Sex Trafficking: A Global Issue
This summer, five Einstein medical students—Hilary Samuelson, Rachel Eilon Cohen, Yuliana Noah, Sarah Marx and Rachel Zolno—traveled to Vienna, Austria to take part in the 30th International Congress of the Medical Women’s International Association (MWIA), attended by more than 600 medical professionals from more than 40 countries. The conference’s theme was “Generation Y: Challenges of the Future for Female Medical Doctors.”
(From left): Einstein students Yuliana Noah, Rachel Cohen, Rachel Zolno, Sarah Marx and Hilary Samuelson pose beside their poster at the 30th International Congress of the Medical Women’s International AssociationA highlight of their experience was the selection of their presentation “A Pilot Study Comparing Educational Modalities on Sex Trafficking Education in Medical School” as one of the top 10 posters of the conference.

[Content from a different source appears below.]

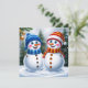Festive Christmas Snowmen in the Winter Forest Holiday Card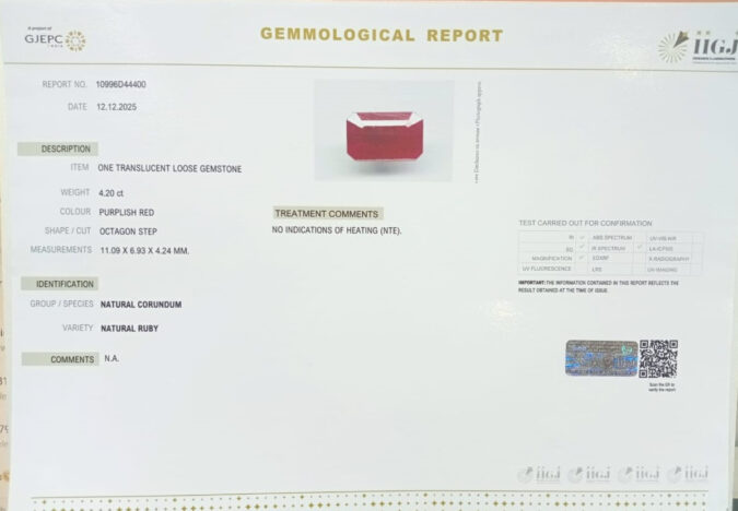 Beautiful 4.2 Cts Natural Ruby (Top-Mines) sva 4+ Ratti RUBY. Free Horoscope & Free Pundit Ji Astrological Advise / Consultation. Original Natural Lab certified gems by IGI GTL / Birth stones / Large Gem Selection of shree shubh Rashi Ratan Vedic dhan at Gem Mines. May Bhagwan Brahma, Vishnu, Shiv & Universe bless you.

"The MWIA congress provided us an invaluable opportunity to share our research and to develop connections with peers and mentors from around the world,” said Ms. Cohen, who is a member of the class of 2018.

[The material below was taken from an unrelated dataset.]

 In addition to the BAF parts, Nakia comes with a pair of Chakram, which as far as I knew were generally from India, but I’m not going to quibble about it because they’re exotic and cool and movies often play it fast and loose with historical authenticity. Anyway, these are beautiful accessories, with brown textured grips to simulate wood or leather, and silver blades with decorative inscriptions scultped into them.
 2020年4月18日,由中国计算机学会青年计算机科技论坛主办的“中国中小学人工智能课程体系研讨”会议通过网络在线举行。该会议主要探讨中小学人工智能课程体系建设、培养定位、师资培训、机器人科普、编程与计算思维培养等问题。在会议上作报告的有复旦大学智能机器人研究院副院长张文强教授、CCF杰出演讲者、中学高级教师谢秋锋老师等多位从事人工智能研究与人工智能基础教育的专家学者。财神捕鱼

“We left feeling incredibly humbled and empowered by our experience,” added Ms. Samuelson.
Members of the Einstein group became interested in the topic of sex trafficking while attending the 2015 national conference for the American Medical Women’s Association (AMWA). As members of Einstein AMWA chapter board, the five learned more about the problem through the AMWA subcommittee Physicians Against the Trafficking of Humans (PATH), and decided to raise greater awareness among their classmates at Einstein about the issue.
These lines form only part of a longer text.